The illusions of collective security.

AuthorLagon, Mark P.
PositionPost-Cold War international security

In the wake of such general conflicts as the Napoleonic wars or World Wars I and II, two conditions prevail that are virtually essential to the fact, or the illusion, of collective security: (1) The victorious powers are momentarily in concert; this provides the basis for equating their provisional coalition to a disinterested concern for universal world order. (2) The defeated powers, are by consensus of the victors, clearly labeled the "aggressors."

Earl Ravenal's rule applies equally in the wake of the Cold War. Buoyed by the collapse of the Soviet Union, proponents of collective security have been writing up a storm, producing literature full of hope for the future. Central to this new vision of collective security are new roles for two familiar Cold War international organizations.. the United Nations, now freed from a paralyzing standoff between two superpowers with vetoes in the Security Council, and NATO, the victor over the Soviet Union and the Warsaw Pact, now reaching to embrace new friends and missions.
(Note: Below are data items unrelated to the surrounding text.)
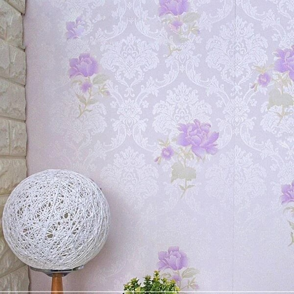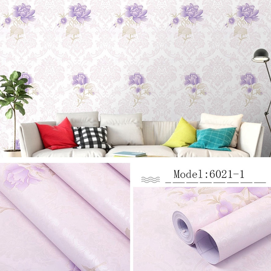 Detail TOKO21 WALLPAPER MOTIF FLOWER UNGU DASAR SOFT PINK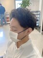 トップは太めのロッドでサイドは毛先のみ細かいロッドを巻く事によりナチュラルな印象に。2ブロックはグラデーションで上の方を長めに設定しているので、浮きやすい方でもコンパクトに収まります。厳しい職場でもバレにくいナチュラルパーマスタイルです。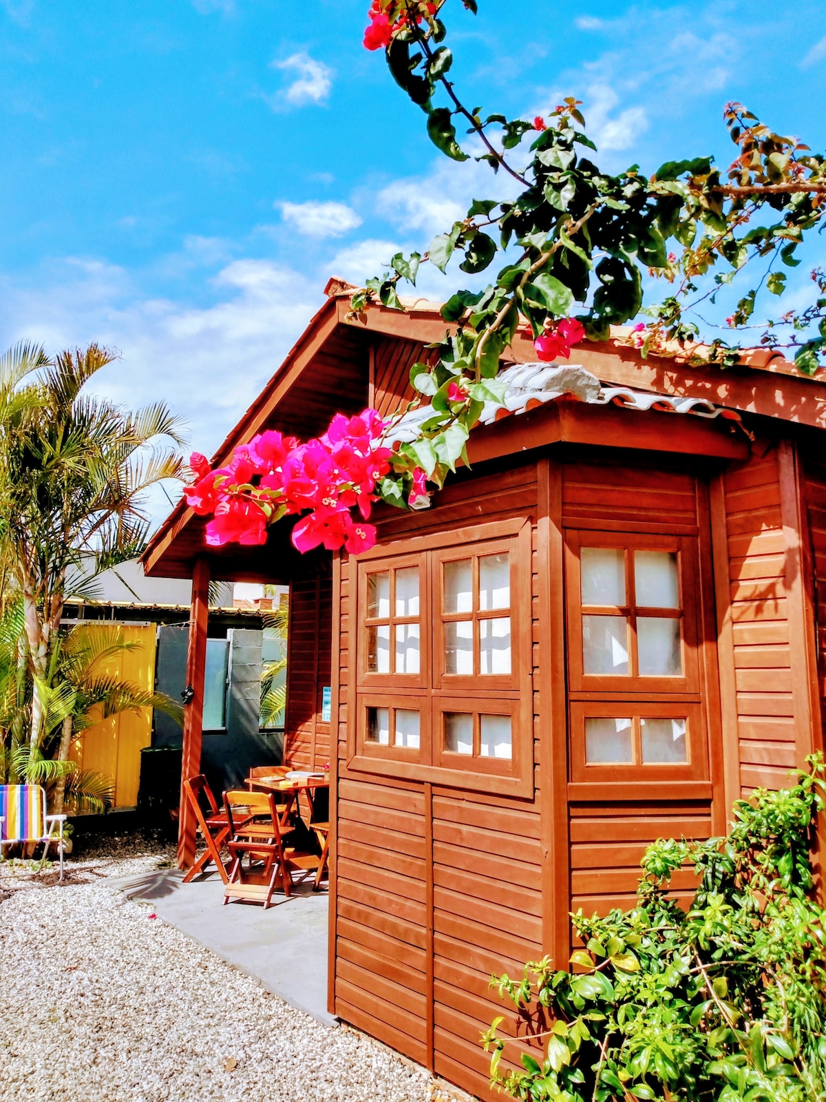 Bungalow sur une propriété partagée à 80 mètres du lagon - endroit idéal pour le kitesurf. Entrée privée et intimité ! La région est entourée par la nature et à 15 minutes à pied du centre-ville de Lagoa. À 1 min à pied d'un arrêt de bus. Le bungalow est composé d'une terrasse couverte extérieure avec table à manger, d'une cuisine équipée, d'une salle de bain complète et d'une grande pièce avec espace de travail et balcon. Un endroit confortable pour se détendre, profiter de la vie et du chant des oiseaux ! Parfait pour les couples, les célibataires et le télétravail !

Much of the hope placed on the UN in a new era is grounded in the belief that it can finally provide for collective security. The hopeful cite the corrective expulsion of Iraqi forces from Kuwait as evidence of this. As a function of its only unique virtue, all-encompassing membership, the UN becomes the natural instrument for the wishful tinkerer in trying to implement collective security.

More surprisingly, perhaps, with war in the Balkans and evidence of instability elsewhere in Central and Eastern Europe, collective security also figures increasingly in the context of developing a new role for NATO. As Josef Joffe writes:

[Collective security] has been the idee clef in the debate on post-cold War security in Europe. Only the label has been modernized. Instead of C[ollective] S[ecurity], advocates use terms such as "overarching security system," "pan-european security," "co-operative security" or expanded CSCE."(1)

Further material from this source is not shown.